A “financial reporting measure” is (i) any measure that is determined and presented in accordance with the accounting principles used in preparing the Company’s financial statements and any measure derived wholly or in part from such a measure, and (ii) any measure based in whole or in part on the Company’s stock price or total shareholder return.
Incentive-Based Compensation is deemed to be “Received” in the fiscal period during which the relevant financial reporting measure is attained, regardless of when the compensation is actually paid or awarded.
Recovery Period” means the three completed fiscal years immediately preceding the Restatement Trigger Date and any “transition period” as prescribed under Rule 10D-1.



Restatement Trigger Date” means the earlier to occur of (i) the date the Board, a committee of the Board or the officer(s) of the Company authorized to take such action if Board action is not required concludes, or reasonably should have concluded, that the Company is required to prepare the applicable accounting restatement, or (ii) the date a court, regulator or other legally authorized body directs the Company to prepare the accounting restatement.
If the Committee determines the amount of Incentive-Based Compensation Received by a Covered Executive during a Recovery Period exceeds the amount that would have been Received if determined or calculated based on the Company’s restated financial results, such excess amount of Incentive-Based Compensation shall be subject to recoupment by the Company pursuant to this policy. For Incentive-Based Compensation based on stock price or total shareholder return, the Committee will determine the amount based on a reasonable estimate of the effect of the accounting restatement on the relevant stock price or total shareholder return. The Company will maintain and will provide to the Nasdaq Stock Market documentation of all determinations and actions taken in complying with this policy. In all cases, the calculation of the excess amount of Incentive-Based Compensation to be recovered will be determined on a pre-tax basis. Any determinations made by the Committee under this policy shall be final and binding on all affected individuals.

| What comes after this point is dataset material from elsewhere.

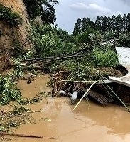 降り続く雨の中、午前9時過ぎの作業中に、養殖池横の山が土砂崩れを起こし、山肌が一気に崩れ落ちたのです。

The Company shall have discretion to determine the appropriate means of any recovery pursuant to this policy, including by requiring payment of such amount(s) to the Company, by set-off, by reducing future compensation, reimbursement, or by such other means or combination of means as the Committee determines to be appropriate. The Company need not recover the excess amount of Incentive-Based Compensation if and to the extent that the Committee determines that such recovery is impracticable and not required under Rule 10D-1, including if the Committee determines that the direct expense paid to a third party to assist in enforcing this policy would exceed the amount to be recovered after making a reasonable attempt to recover such amounts. The Company is authorized to take appropriate steps to implement this policy with respect to Incentive-Based Compensation arrangements with Covered Executives.

Any right of recoupment or recovery pursuant to this policy is in addition to, and not in lieu of, any other remedies or rights of recoupment that may be available to the Company pursuant to the terms of any other policy, any employment agreement or plan or award terms, any other recoupment that may be required by law and any other legal remedies available to the Company. The Company shall not indemnify any Covered Executive against the loss of any Incentive-Based Compensation (or provide any advancement of expenses in such instance), including any payment or reimbursement for the cost of third-party insurance purchased by any Covered Executives to fund potential recovery obligations under this policy.